A nonprofit program credited with reducing prescription drug overdose deaths by 69 percent in one North Carolina county is going statewide this year with a $2.6 million grant from state and private sources.
Community Care of North Carolina will oversee the expansion of Project Lazarus, which has helped bring down Wilkes County’s soaring overdose death rates, said Michael Lancaster, director of behavior health for Community Care, a network of medical providers and services. Project Lazarus promotes safer practices surrounding how drugs are prescribed by doctors, dispensed by pharmacies and stored by consumers.
“The program was so successful in Wilkes County that we are ready to take it statewide and see if we can make it work in urban as well as rural areas,” Lancaster said.
Deaths from prescription drug overdoses – also known as unintentional poisonings – are rising faster in North Carolina than in the rest of the nation. Overdose rates increased by more than 300 percent between 1999 and 2011, the most recent figures available.
The N.C. Department of Health and Human Services reported 297 overdose deaths in 1999 and 1,140 in 2011. Health officials say most of the deaths involved opioid pain medications such as oxycodone, methadone and hydrocodone.
Project Lazarus was lauded by Gil Kerlikowske, director of U.S. National Drug Control Policy, in a report the White House submitted to Congress this week. Kerlikowske said a visit to Wilkes County last August to see the project at work led him to focus on the prescription overdose epidemic in his latest report.
A dramatic change in Wilkes
Wilkes County has been especially hard hit by the problem, said Project Lazarus founder and director Fred Brason II.
The county had the highest rate of overdose deaths in the state before Project Lazarus was started. In 2009, there were nearly 47 deaths per 100,000 residents compared with 11 per 100,000 statewide.
However, between 2009 and 2011, the overdose rate in Wilkes County fell to about 14.3 per 100,000 residents, while the statewide rate edged up slightly to 11.8.
Brason said nearly three-quarters of lethal overdose cases are linked to family members or friends of the victim. The drugs may have been stolen, illegally sold or shared.
“The key elements in the program involve public awareness, not only of the issue but the behaviors people have that contribute to the problem,” Brason said.
The N.C. Child Fatality Task Force drew attention to drug overdoses earlier this year in its annual report, which noted the number of overdose deaths for children and teens was up even though overall child fatalities were falling.
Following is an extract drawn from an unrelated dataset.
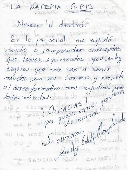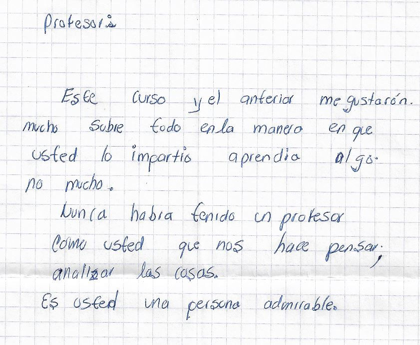Mensajes de alumnos al profesor

Drug abuse is surpassing motor vehicle crashes as the leading cause of injury death among all age groups in the country, the report states.
Statehouse joins the fight
Legislation filed in General Assembly this session also addresses the issue. The Good Samaritan law signed by Gov. Pat McCrory earlier this month gives protection from prosecution on certain drug- and alcohol-related charges to people who seek medical help for themselves or another person experiencing an overdose. Brason said the measure should help encourage bystanders to call for medical help for overdose victims.
A second piece of legislation still under debate requires pharmacies, emergency rooms and other dispensaries to report to the state within three days of filling a controlled substance prescription. That measure would provide a more efficient way to keep track of patients who obtain multiple prescriptions over a short period of time, said Brason, who backs both bills.
“The important factor on all fronts is community- and state-level collaboration, and we are now achieving that in North Carolina,” Brason said.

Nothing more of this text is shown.